Re: Stack management

Posted: Mon Apr 27, 2015 4:32 am
by Velko
darkinsanity wrote:Another problem that bothers me is, when and how do I clean up threads? When a thread exits, the kernel uses the kernel-stack of the thread, so I can't immediately free it. But when do I do it, then?
My approach is to put thread into PENDING_CLEANUP state and switch away from it, like if thread's time-slice was used up. But, as long as scheduling algorithm is concerned, PENDING_CLEANUP is no different from RUNNABLE.

Eventually scheduler selects the thread again, but instead of switching to it, cleanup is performed.

Re: Stack management

Posted: Tue May 05, 2015 8:16 pm
by darkinsanity
gerryg400 wrote:When my kernel allocates a user stack for a thread it calls the same function in my kernel that mmap eventually calls. In other words the allocated memory looks to the thread just like any memory that it had allocated itself. My mmap has an option MAP_GUARD to put a guard page at the bottom of the stack. The kernel uses his when it allocates a stack for the thread.
That sounds reasonable. But how does your function decide where to place the stack? At the moment, my kernel has no infrastructure for managing userspace memory besides pagetables.
I'm currently thinking about using a doubly-linked list of structs describing memory areas (probably using page-granularity). When memory is allocated (via malloc or for a stack), I'd simply search the list for a free place and add it there. When allocating a stack, I'd search the list backwards, to keep the stacks away from heap allocations.
Implementation should be fairly easy, but I'm worried about efficiency, especially because I'm using popup-threads and thus need fast thread-spawning and stack allocation.

Re: Stack management

Posted: Tue May 05, 2015 11:57 pm
by iansjack
Why not allocate a page (or pages) for your user stack and map it to the same address for each process?
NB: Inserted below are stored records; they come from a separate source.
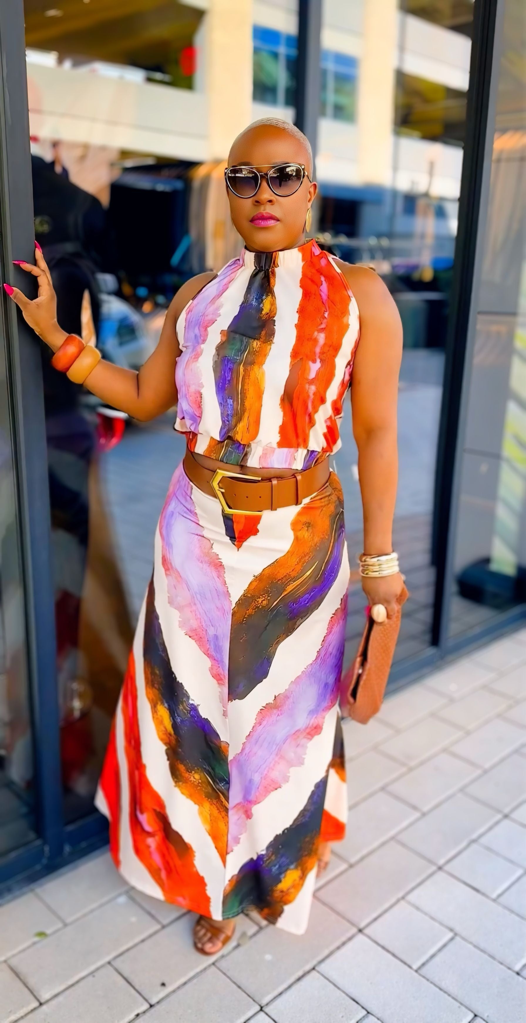 The halter-style top offers a flattering, secure fit while the high-waisted maxi skirt drapes effortlessly along the body, creating an elongated, elegant silhouette. This set is perfect for brunch dates, vacations, rooftop dinners, or any moment that calls for elevated style with ease.
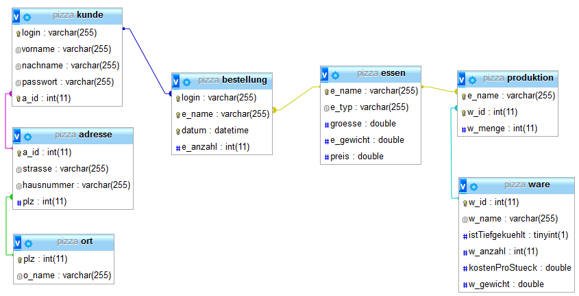 Klaasendiagramm: PIZZA-Datenbankmodell, Zechnall 2017
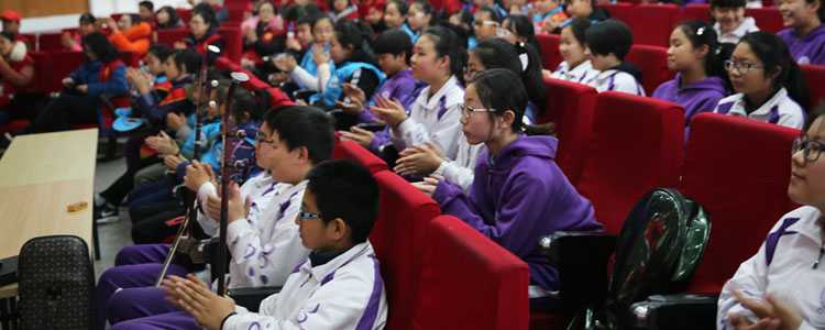 初1702班的同学们以精彩的节目迎接来附中交流的老师与同学们。田嘉琪的中阮独奏《丝路驼铃》深远悠长,指尖律动极富艺术感染力;刘海蕴的唢呐独奏《黄土情》质朴激昂,韵律节奏振奋人心;王董昱的京剧《霸王别姬》舞剑韵动、运气酣畅;李尚元和康昊轩的二胡齐奏《三门峡畅想曲》气势磅礴,激情饱满。同学们的精彩节目赢得了大家的阵阵掌声,初1702班同学在合唱bg真人试玩校歌中结束了欢迎表演。

You can always grow the stack, via a page fault, if needs be.

Re: Stack management

Posted: Wed May 06, 2015 1:36 pm
by gerryg400
darkinsanity wrote:
gerryg400 wrote:When my kernel allocates a user stack for a thread it calls the same function in my kernel that mmap eventually calls. In other words the allocated memory looks to the thread just like any memory that it had allocated itself. My mmap has an option MAP_GUARD to put a guard page at the bottom of the stack. The kernel uses his when it allocates a stack for the thread.
That sounds reasonable. But how does your function decide where to place the stack? At the moment, my kernel has no infrastructure for managing userspace memory besides pagetables.
I'm currently thinking about using a doubly-linked list of structs describing memory areas (probably using page-granularity). When memory is allocated (via malloc or for a stack), I'd simply search the list for a free place and add it there. When allocating a stack, I'd search the list backwards, to keep the stacks away from heap allocations.
Implementation should be fairly easy, but I'm worried about efficiency, especially because I'm using popup-threads and thus need fast thread-spawning and stack allocation.
I use that method. I have a doubly linked list of mapping structures. The mm just finds a space and inserts a new structure. I don't bother with going backwards since there will be multiple threads in the process although it might help keep the heap contiguous. I'm also not too worried about speed at this point.

Later if you find that speed is an issue you could keep a small cache of stacks available in each process and only release stacks if they are not re-used quickly.